Doumeki's raised eyebrow spoke volumes. Setting his coffee down, he folded his hands atop the table, his expression becoming less quizzical and more accepting with the motion. "An interesting pastime to choose," he said, his deadpan almost imperceptible.

"It's no one you know," she continued, all the while wondering where the explanation was even headed. "Actually, it's no one even I know. Have you seen the marble gazebo on Clamp Campus?"

"I know of a few gazebos matching that description…" Only Doumeki could keep a straight face during such a conversation. But then, only Doumeki's presence would inspire Himawari to fill silence with this sort of confession in the first place.

"The location isn't the important part I guess. There's this guy there, I sort of just happened to see him one day. And he's…" Himawari struggled to find the right words to describe the figure she had taken to watching: his dark brow; green eyes the shade of spring grass; the way he always twirled the cigarette between his fingers once before lighting it, like a promise; the tilt of his head as he bent towards the glow of flame within his palm, the only time his features ever seemed lit, falsely or otherwise. "…sad." Anything more substantial eluded her, like grasping at that smoke the stranger seemed constantly caught in the midst of.

Anyone else would have jabbed at her, but Doumeki simply nodded as though this was a perfectly logical conversation, and that her observation was an essential reason to watch someone as obsessively as she did. Then again, he wasn't truly aware of how often she gave in to this habit.

"Why is he sad?" Doumeki asked, his gaze continuing to pry questions from her.

Why is anyone sad? Himawari countered, words of answer rising unbidden before she could finish her inner rhetorical question. "I'm not sure. I've never spoken to him. He stands in the same place every day, smoking a cigarette, never with any company…"
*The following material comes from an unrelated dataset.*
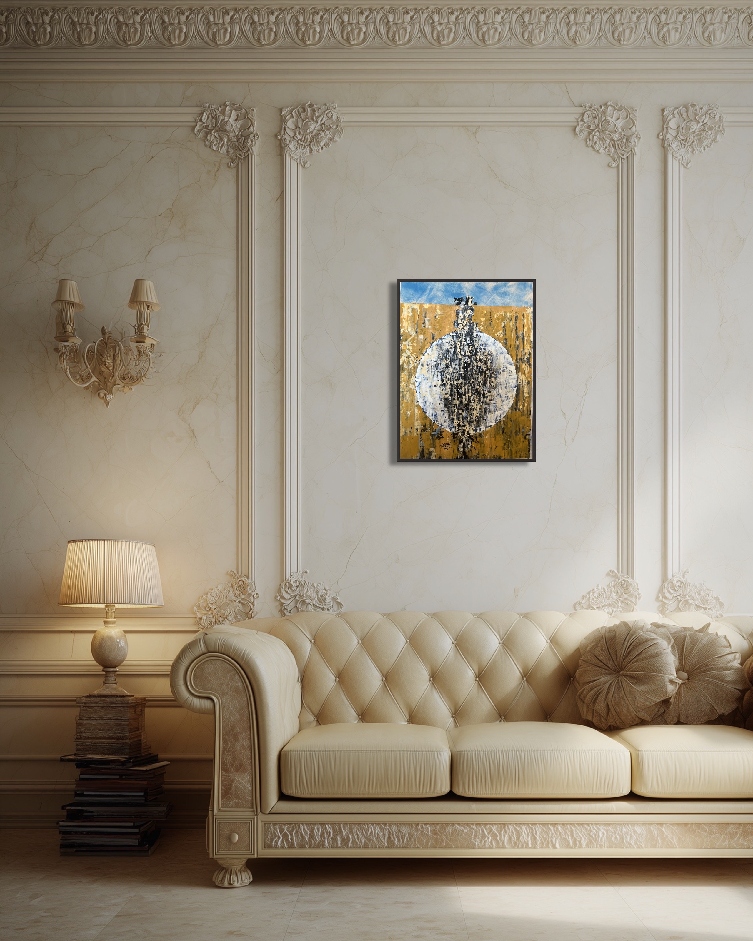 The painting revolves around a central circle that acts as a visual gateway between sky and earth. Vertical lines and rough textures intersect in an abstract dialogue, reflecting a balance between strength and calm. The artwork carries a symbolic sense of stability amid transformation.

"He has company in you." Himawari didn't bother arguing the statement. A secret, small and terrible part of herself felt Doumeki could find company in a stone wall. It was his nature. It was not hers. And she didn't know how, or why, but she felt sure she also knew it was not the bittersweet man's either. Maybe he wanted it to be so, but it wasn't. She knew Doumeki, and she knew sad loneliness. She knew which the stranger was.

"I just spectate," Himawari said in answer, and found the fact somewhat disheartening rather than reassuring.

"Perhaps for now." And thus Doumeki ended the conversation as he resumed drinking his coffee, watching passerbys while Himawari watched him, turning his meaning over in silence and pursuing her tea once more.

. . .

Subaru felt the soft rays of early spring light filtering onto his back, and where once he had appreciated the warmth, it now barely registered in his consciousness. Nothing really registered within him anymore. He was like a puppet for life, going about the gestures as powerlessly as a marionette, and with just as much awareness. Sometimes he felt moments of clarity, like the pause as his lungs screamed in protest at the first smoke he intentionally inhaled, or when the sakura strayed into his path and caressed his skin by pure accident… What Subaru could not figure was if he lived for those moments, or lived to forget them. He consistently wrapped himself in an inescapable cocoon of memories and moments and thoughts, hating the pain of them and still existing with them embracing his person.

The shift from thoughtlessness into reality was seamless, yet jarring nonetheless. The presence on his shoulder, feather-light, brought his attention to the small, cream and yellow canary perching itself happily near his turned cheek. Subaru's widened green eyes met the brown beads of the bird, which cocked its small head with patient expectation, as if to say, "Don't worry, I'll wait for you to remember." And just like that, Subaru's voice, rusted over with disuse, whispered out a quiet "Hello there". Subaru realized, this was a moment that could be called timeless –it stood still and separate amongst those many thoughts and memories, and for years to come, he remembered it as a beginning, the first of many ripples.

He turned his gaze away from the canary, and unwittingly it fell onto the second ripple.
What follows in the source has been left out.